I still find that whatever you explain is an 'extract' of what can be
thought of a 'set' (a one representing a many).
Your 'powerset' is my example.
All those elements you put into { }s are the same as were the physical
objects to Aristotle in his 'total' - the SUM of which was always MORE than
the additives of those objects.
Relations!
The set is not an inordinate heap (correct me please, if I am off) of the
elements, the elements are in SOME relation to each other and the set-idea
of their ensemble, to *form* a SET.
You stop short at the naked elements *together*, as I see.
You get the idea.
We can add structure to sets, by explicitly endowing them with operations
and relations.
*Furhter below you also expose the contrary (to simplify) - **I am afraid
your operations and relations are restricted to the numbers-based (math?)
domain, which is not what I mean by 'totality'. *
**
*They wear cloths and hold hands.

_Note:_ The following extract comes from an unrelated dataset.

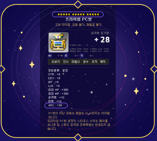 이번 PC방 이벤트에는 스타포스/아케인포스 옵션이 추가되어

Mortar is among them.*
Maybe your math-idea can tolerate any sequence and hiatus concerning to the
'set', and it still stays the same, as far as the *math-idea you need*goes,
Yes, it is the methodology.
but if I go further (and you indicated that ANYTHING can form a set)
More precisily, we can form a set of multiple thing we can conceive or
defined.
*I would not restrict 'a set' to what WE can conceive, or define now.
(Not even within the 'math'-related domain).*
the relations of the set-partners comes into play. Not only those which
WE choose for 'interesting' to such set, but ALL OF THEM influencing the
character of that *ONE.*
*Just musing.*
It is OK. The idea consists in simplifying the things as much as possible,
and then to realize that despite such simplification we are quickly driven
to the unprovable, unnameable, un-reductible, far sooner than we could have
imagine.
*I may suggest (or: assume?) that instead of despite it would make more
sense to write: AS A CONSEQUENCE *
*- think about it.*
**
Bruno
*John*
On Tue, Jul 14, 2009 at 4:40 AM, Bruno Marchal marc...@ulb.ac.be wrote:
Hi Kim, Marty, Johnathan, John, Mirek, and all...
We were studying a bit of elementary set theory to prepare ourself to
Cantor's theorem, and then Kleene's theorem, which are keys to a good
understanding of the universal numbers, and to Church thesis, which are the
keys of the seven steps.
I intend to bring you to the comp enlightenment :)
But first some revision. Read the following with attention!
A set is a collection of things, which in general can themselves be
anything. Its use consists in making a many into a one.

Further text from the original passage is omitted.